In vielen Unternehmen wurden die agilen Arbeitsmethoden natürlich zunächst von den IT-/Entwicklungsabteilungen angewendet. Allerdings erscheint es logisch, auch in anderen Bereichen auf die agile Arbeitsweise überzugehen. Die Begriffe Agile HR oder Agile Marketing mögen zunächst etwas seltsam klingen, aber in einer Welt, die sich immer schneller verändert, sind (traditionelle) Arbeitsverfahren oft nicht mehr ausreichend, weil sie zu langsam oder zu schwerfällig sind. Wer nicht auf neue technologische Entwicklungen und veränderliche Kundenanforderungen reagieren kann, verpasst den Anschluss. Das gilt nicht nur für die IT, sondern auch für die anderen Abteilungen eines Unternehmens.

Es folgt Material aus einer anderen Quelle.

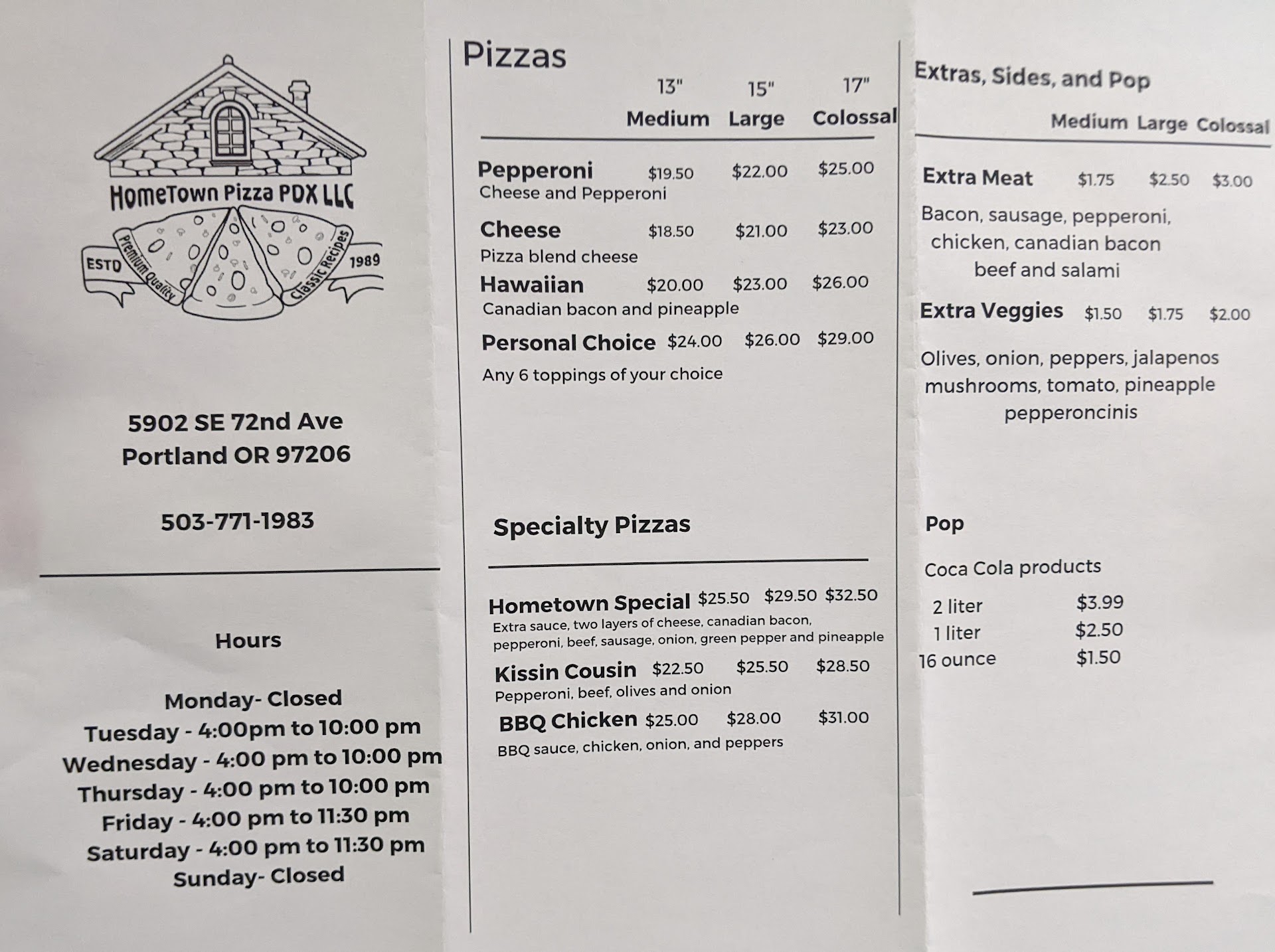 Read moreThe staff (and owner?) were very friendly. We ordered the Hometown Special, w/out pineapple, and the Veggie. We were told they'd be ready in about twenty minutes and they were. Both pizza were great. They also cut the pizzas in smaller slices than is normal, these days, but are the size I remember when getting pizza growing up. The Mt. Scott area has many great pizza places, but this is our new favorite.

Den Anschluss verpassen oder nicht?

Es gibt mehr als genug Beispiele (großer) Unternehmen, die untergegangen sind, weil sie sich nicht schnell genug an die neue Realität anpassen konnten. Wir möchten keine Namen nennen, aber wenn man als Bekleidungswarenhaus zu spät und zu träge auf neue Online-Chancen reagiert, muss man mit Problemen rechnen. Der Kunde gewöhnt sich rasch an Neuheiten und geht leichtherziger zur Konkurrenz oder zu neuen Anbietern über als man gedacht oder gehofft hatte. Wenn man als Unternehmen flexibler arbeiten kann, ist man in der Lage, auf Marktanforderungen hin den Kurs schneller zu ändern. Aus diesem Grund wollen immer mehr Unternehmen agil arbeiten. Man sieht immer mehr Stellenbezeichnungen, die auf agilen Arbeitsmethoden basieren: Scrum Master, Product Owner oder sogar Vibe Manager. Unabhängig von den neuen Titeln, die man heutzutage auf LinkedIn findet, ist die Arbeit in (multidisziplinären) Teams, die schnell schalten können, Raum bekommen, um Dinge auszuprobieren und konstant (Teil-)Ergebnisse liefern, eine Bereicherung für die Schlagkraft von Unternehmen.

Ein flexibles Unternehmen mit Lernagilität

Zunächst die Definition: Lernagilität ist die Fähigkeit, auf Grundlage neuer Erfahrungen schnell neue und effektive Verhaltensweisen zu entwickeln und diese in der Praxis einzusetzen. Es handelt sich dabei um eine Form von Lern- oder Veränderungsfähigkeit oder Lern- oder Veränderungspotenzial. Menschen, die bei der Lernagilität hohe Ergebnisse erzielen, lernen in neuen Situationen mehr und schneller. Sie profitieren besser von ihren Erfahrungen und sind ständig auf der Suche nach neuen Herausforderungen. Sie bitten um Feedback, um daraus zu lernen, und erkennen Muster in unbekannten Situationen. Sie schalten andere effektiv ein, um Erfahrungen zu begreifen und mit Sinn zu versehen.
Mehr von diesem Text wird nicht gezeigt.